Action item:
A word-for-word copy of the data is what's wanted; pictures stay out of it.

Data segment:
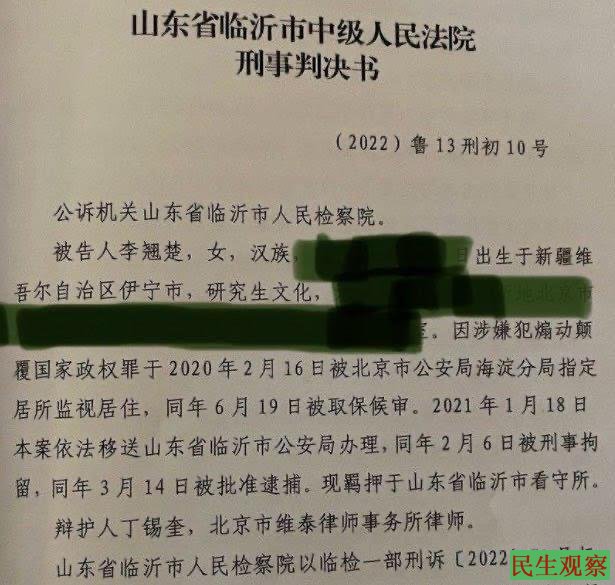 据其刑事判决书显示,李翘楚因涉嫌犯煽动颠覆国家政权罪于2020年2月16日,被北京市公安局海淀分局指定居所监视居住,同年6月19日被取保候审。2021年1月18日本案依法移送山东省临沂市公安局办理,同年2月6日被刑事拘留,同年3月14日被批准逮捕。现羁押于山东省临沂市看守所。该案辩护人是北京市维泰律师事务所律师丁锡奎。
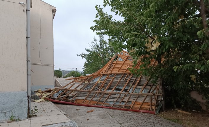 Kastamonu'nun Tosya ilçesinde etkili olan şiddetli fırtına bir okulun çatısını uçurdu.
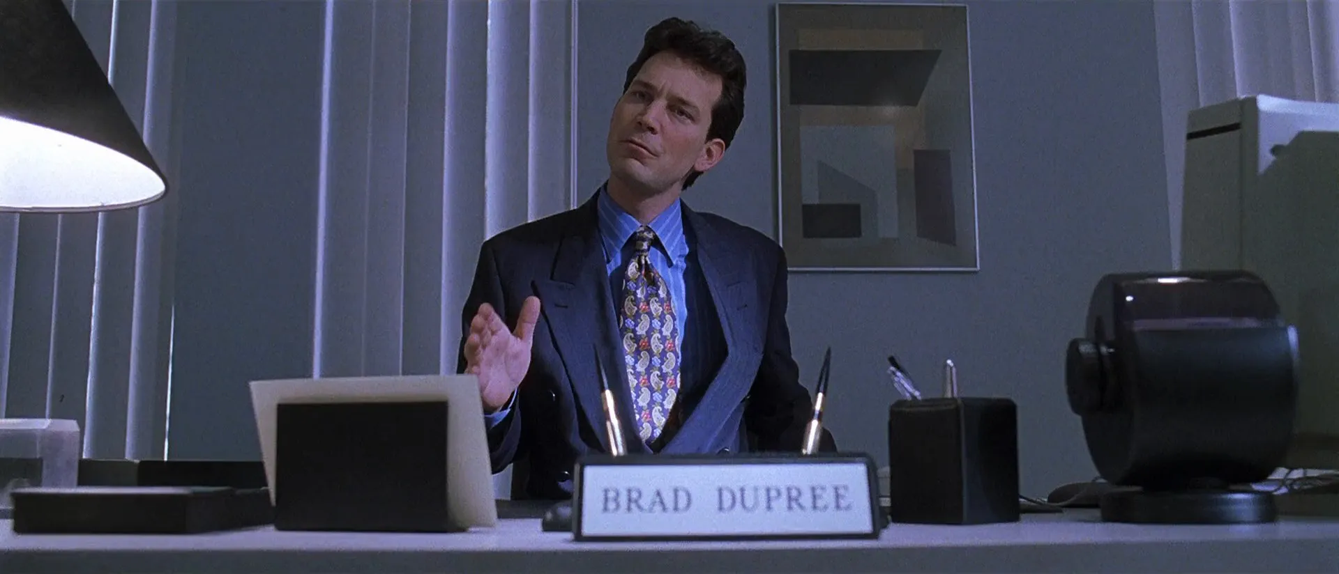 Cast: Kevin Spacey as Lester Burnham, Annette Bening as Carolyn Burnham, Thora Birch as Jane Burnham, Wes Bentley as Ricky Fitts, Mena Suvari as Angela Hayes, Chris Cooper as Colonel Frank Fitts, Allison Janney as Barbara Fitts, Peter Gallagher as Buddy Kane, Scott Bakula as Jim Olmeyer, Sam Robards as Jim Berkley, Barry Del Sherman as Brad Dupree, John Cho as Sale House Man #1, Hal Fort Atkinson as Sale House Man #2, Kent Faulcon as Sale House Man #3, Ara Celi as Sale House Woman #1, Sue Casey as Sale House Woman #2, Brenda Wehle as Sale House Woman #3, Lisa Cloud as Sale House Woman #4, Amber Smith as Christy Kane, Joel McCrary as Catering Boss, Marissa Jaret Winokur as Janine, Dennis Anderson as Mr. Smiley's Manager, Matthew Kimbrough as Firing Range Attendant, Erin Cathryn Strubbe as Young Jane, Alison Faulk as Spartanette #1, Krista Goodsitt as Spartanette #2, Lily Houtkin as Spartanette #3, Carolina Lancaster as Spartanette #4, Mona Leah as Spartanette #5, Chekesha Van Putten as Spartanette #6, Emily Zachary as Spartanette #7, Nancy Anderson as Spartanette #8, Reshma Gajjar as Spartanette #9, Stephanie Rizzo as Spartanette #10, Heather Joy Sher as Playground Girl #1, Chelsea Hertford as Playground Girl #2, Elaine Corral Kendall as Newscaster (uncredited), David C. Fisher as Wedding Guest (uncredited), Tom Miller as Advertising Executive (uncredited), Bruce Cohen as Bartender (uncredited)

Response:
 据其刑事判决书显示,李翘楚因涉嫌犯煽动颠覆国家政权罪于2020年2月16日,被北京市公安局海淀分局指定居所监视居住,同年6月19日被取保候审。2021年1月18日本案依法移送山东省临沂市公安局办理,同年2月6日被刑事拘留,同年3月14日被批准逮捕。现羁押于山东省临沂市看守所。该案辩护人是北京市维泰律师事务所律师丁锡奎。
 Kastamonu'nun Tosya ilçesinde etkili olan şiddetli fırtına bir okulun çatısını uçurdu.
 Cast: Kevin Spacey as Lester Burnham, Annette Bening as Carolyn Burnham, Thora Birch as Jane Burnham, Wes Bentley as Ricky Fitts, Mena Suvari as Angela Hayes, Chris Cooper as Colonel Frank Fitts, Allison Janney as Barbara Fitts, Peter Gallagher as Buddy Kane, Scott Bakula as Jim Olmeyer, Sam Robards as Jim Berkley, Barry Del Sherman as Brad Dupree, John Cho as Sale House Man #1, Hal Fort Atkinson as Sale House Man #2, Kent Faulcon as Sale House Man #3, Ara Celi as Sale House Woman #1, Sue Casey as Sale House Woman #2, Brenda Wehle as Sale House Woman #3, Lisa Cloud as Sale House Woman #4, Amber Smith as Christy Kane, Joel McCrary as Catering Boss, Marissa Jaret Winokur as Janine, Dennis Anderson as Mr. Smiley's Manager, Matthew Kimbrough as Firing Range Attendant, Erin Cathryn Strubbe as Young Jane, Alison Faulk as Spartanette #1, Krista Goodsitt as Spartanette #2, Lily Houtkin as Spartanette #3, Carolina Lancaster as Spartanette #4, Mona Leah as Spartanette #5, Chekesha Van Putten as Spartanette #6, Emily Zachary as Spartanette #7, Nancy Anderson as Spartanette #8, Reshma Gajjar as Spartanette #9, Stephanie Rizzo as Spartanette #10, Heather Joy Sher as Playground Girl #1, Chelsea Hertford as Playground Girl #2, Elaine Corral Kendall as Newscaster (uncredited), David C. Fisher as Wedding Guest (uncredited), Tom Miller as Advertising Executive (uncredited), Bruce Cohen as Bartender (uncredited)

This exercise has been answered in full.